I had no idea that the cute teenager who was able to push my buttons, and who knew an awful lot about music and washing dishes and random shit like that would grow up, lose his know-it-all ways, and become such an incredibly amazing person that I would fall head over heels in love and that we would have two beautiful little girls together (so far!)


I am glad we don't know the future.  It would be too much to bear!

Singing around the piano, 2007

Nathan and TJ arm wrestling!

Nathan was ridiculously strong and muscular.  And TJ was lots skinnier back then :-)
Someone actually took a shot of the music conversation described in my journal!


Sunday, April 16, 2017

Jesus Paid It All? I Don't Think So!


It is 5:30 a.m. here in central southern California, on Easter morning.  However it's 3:30 p.m. in Israel, so the traditional time for Jesus' resurrection is long past--making early Easter morning services quite inaccurate.  We should be celebrating Easter at 7:30 on Saturday evening!

The subject of resurrection and immortality makes a fascinating study.  It is so interesting to note how almost every religion and tradition of men down the ages from the beginning of recorded history shows an unceasing search for immortality, whether through scientific or religious means.  Unfortunately, traditional Christianity has strayed away from the simple, correct definition of immortality in the Scriptures and has mixed into their theology so many teachings from famous church fathers and philosophers such as Augustine, John Calvin, Luther and others, that often it's hard to distinguish what is really Scripture and what is actually superstition imposed on the Bible.

One of the reasons I am writing this blog is to preserve online my thoughts on true religion and Christianity, so that if something should happen to me and my husband before our children are grown, they should know what we believe is right and God willing come to their own conclusions of the truth in spite of the teachings of most churches.

The death and resurrection of Jesus Christ is central and vital to Christianity.  There are four main subjects that my husband and I have studied and prayed over thoroughly and extensively over the past few years, and eventually I'd like to address them all in this poor little journal.  They are:

✡  Original Sin
✡ Hell and immortality
✡ Atonement
✡ God's Sovereignty

Wikipedia is remarkably accurate and concise when it comes to defining concepts and terms.  Quote, "Penal substitution derives from the idea that divine forgiveness must satisfy divine justice, that is, that God is not willing or able to simply forgive sin without first requiring a satisfaction for it.
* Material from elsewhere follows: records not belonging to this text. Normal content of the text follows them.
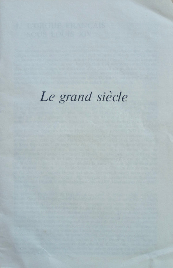 Booklet "Le grand siècle"(20 pages) with French liner notes about vol. 4, vol. 5 and vol. 6 of the series "Le livre d'or de l'orgue français".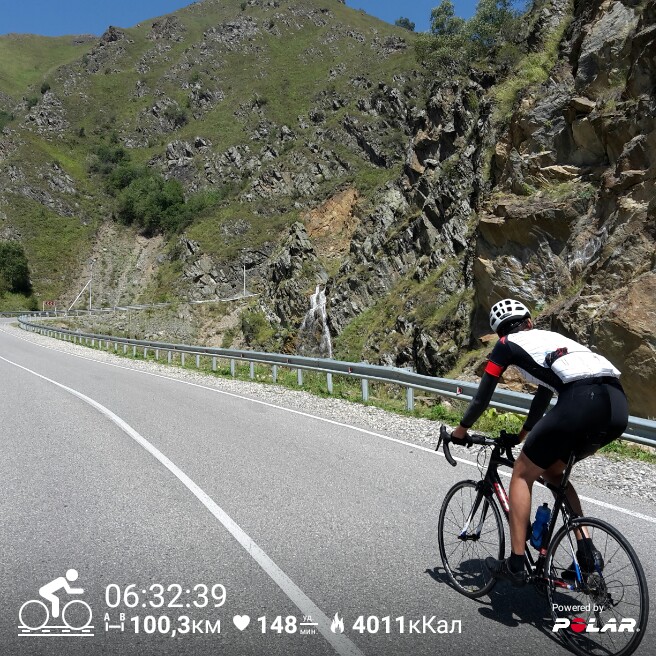 Спустились в Долину Нарзанов. Это прекрасное место отвратительно пахло жжёными колодками и сцеплением. Попили водички у источника, полезли выше. Всё ждали обещанных стен с градиентом под 20%, но больше 15% Гармин ни разу не показал. Ну и ладно, не больно-то и хотелось. На передаче 34-32 всё выкручивалось. Скорость была низкой, но размеренной. Этот подъём был довольно долгим и тяжелым. У его вершины я встретил Максима, который уже некоторое время ждал, пока я доползу. Там он предложил развернуться и поехать назад. До Джилы Су было ещё около 25 км и два подъёма в одну сторону. Ай-яй-яй. А как же план на лето? Приехать и не доехать? Не бывать этому! С такими мыслями и доползал к вершине. Однако в процессе заметил два неприятных момента: пульс колебался в районе 170 – 175 ударов, что на 10 ударов больше, чем в предыдущие подъёмы, а температура была уже 35 градусов, хотя не было ещё и 11 часов.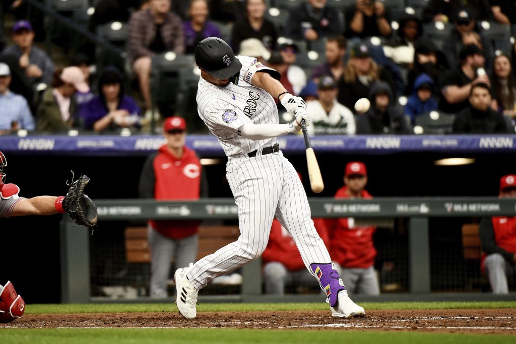Colorado Rockies' Ezequiel Tovar hits a home run in the sixth inning of a baseball game against the Cincinnati Reds Tuesday, May 16, 2023, in Denver. (AP Photo/Geneva Heffernan)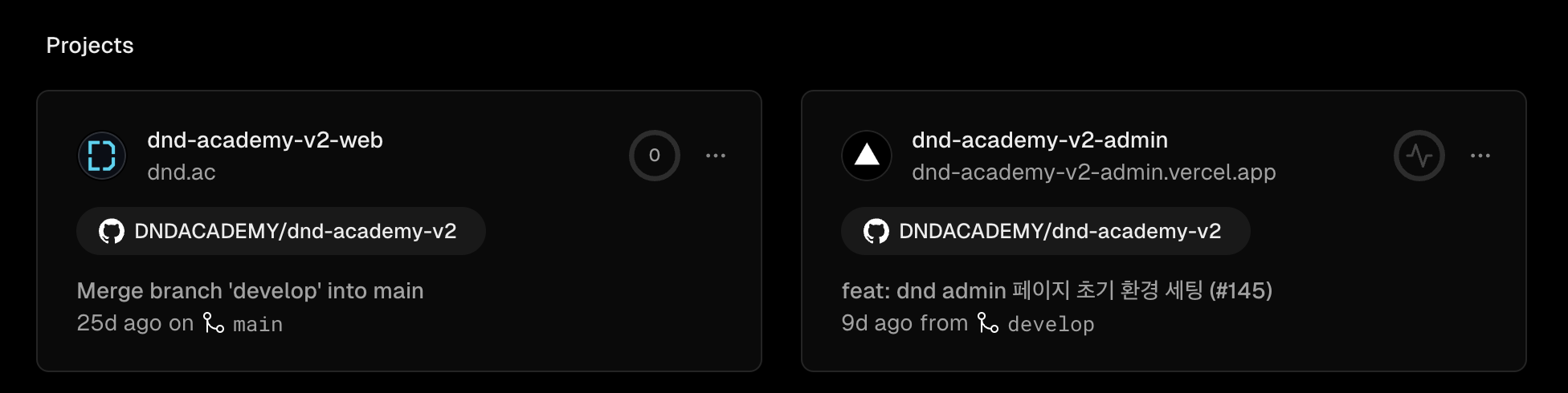 두 달간 vercel을 사용해 봤는데 무료로 계속 유지되고 있어서 비용적인 부분도 확실히 해소가 되었다.DND에서 참여자로 시작해 운영진으로 활동하면서 DND에 대한 동아리의 애정이 생기게 되었고, 홈페이지를 마이그레이션 한 이유도 이 애정 중 하나가 아닐까 싶다.

It states that God gave himself in the person of his Son, Jesus Christ, to suffer the death, punishment and curse due to fallen humanity as the penalty for our sin."
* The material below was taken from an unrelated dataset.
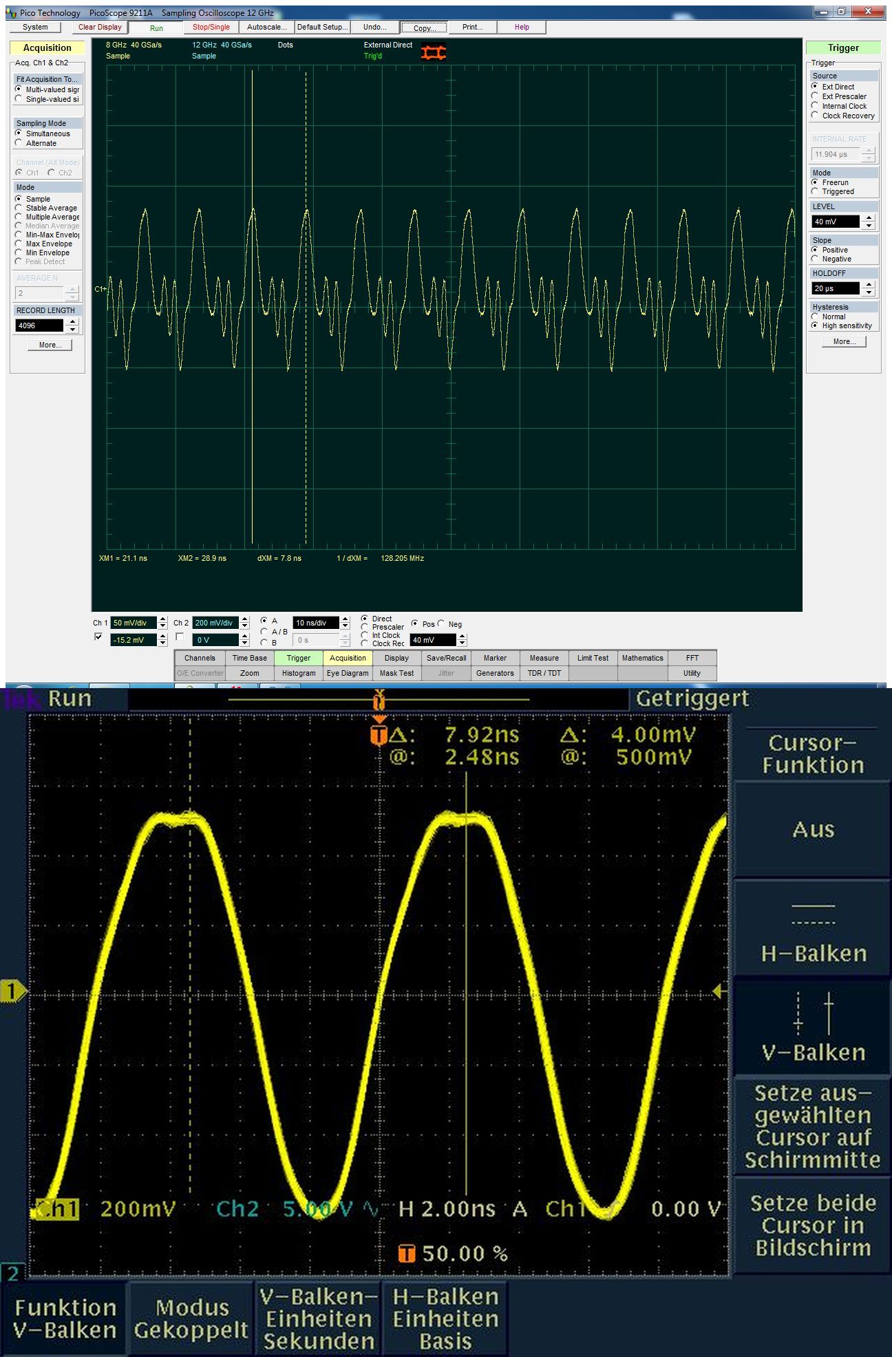 Der arme Tek hat 5Gs/s, d.h. ihm bleiben hier nicht mal 8 Punkte im Durchlauf einer Schwingung zum festlegen der Amplitudenform. Also vier oben + 4 unten. Den Rest der Form hat er sich errechnen müssen.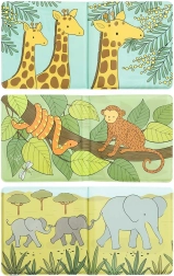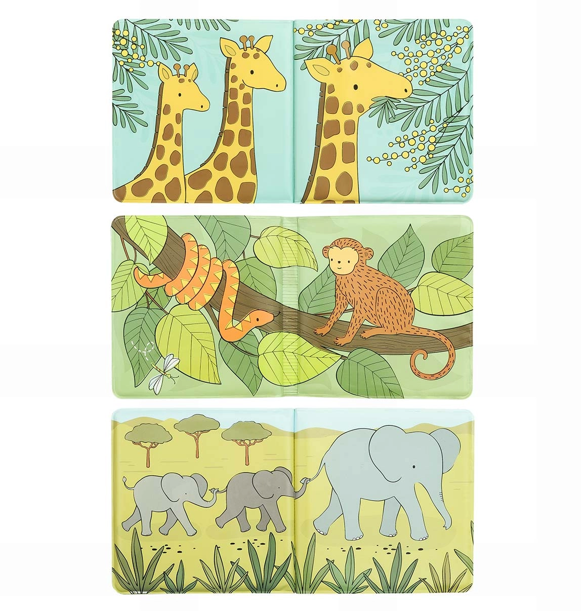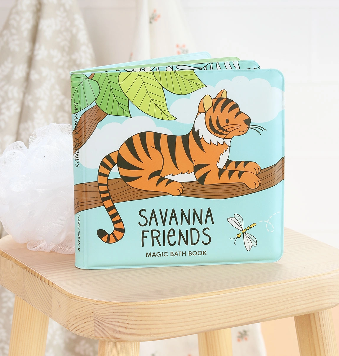 Ανακαλύψτε το διασκεδαστικό μαγικό βιβλιαράκι μπάνιου για παιδιά από 12 μηνών. Μαλακές, αδιάβροχες σελίδες με χαριτωμένα ζωάκια της σαβάνας ζωντανεύουν όταν βρέχονται – τα χρώματα τονίζονται αμέσως με την επαφή με το νερό. Μπορεί να χρωματιστεί και με βρεγμένο πινέλο εκτός μπάνιου και όταν στεγνώσει το χρώμα εξαφανίζεται ξανά.

I don't want to go into too much detail here because I want to keep this blog short and interesting.  Suffice to say that we believe this is a false view of God and His mercy, and interestingly enough this view did not become prevalent in the church until the time of the Reformation, 1500 years after Christianity's birth.  Here, again, is what Wikipedia has to say on the subject, if you want to read further. 

According to the Bible and a correct understanding of God, the hymn Jesus Paid It All is inaccurate.  If Jesus actually paid the full price for sin, then there is no room at all for God's forgiveness.  How is it forgiveness if the debt is paid?  If I owe you $100, and someone else pays you $100 for me, you still got your freaking $100 and didn't forgive me at all.  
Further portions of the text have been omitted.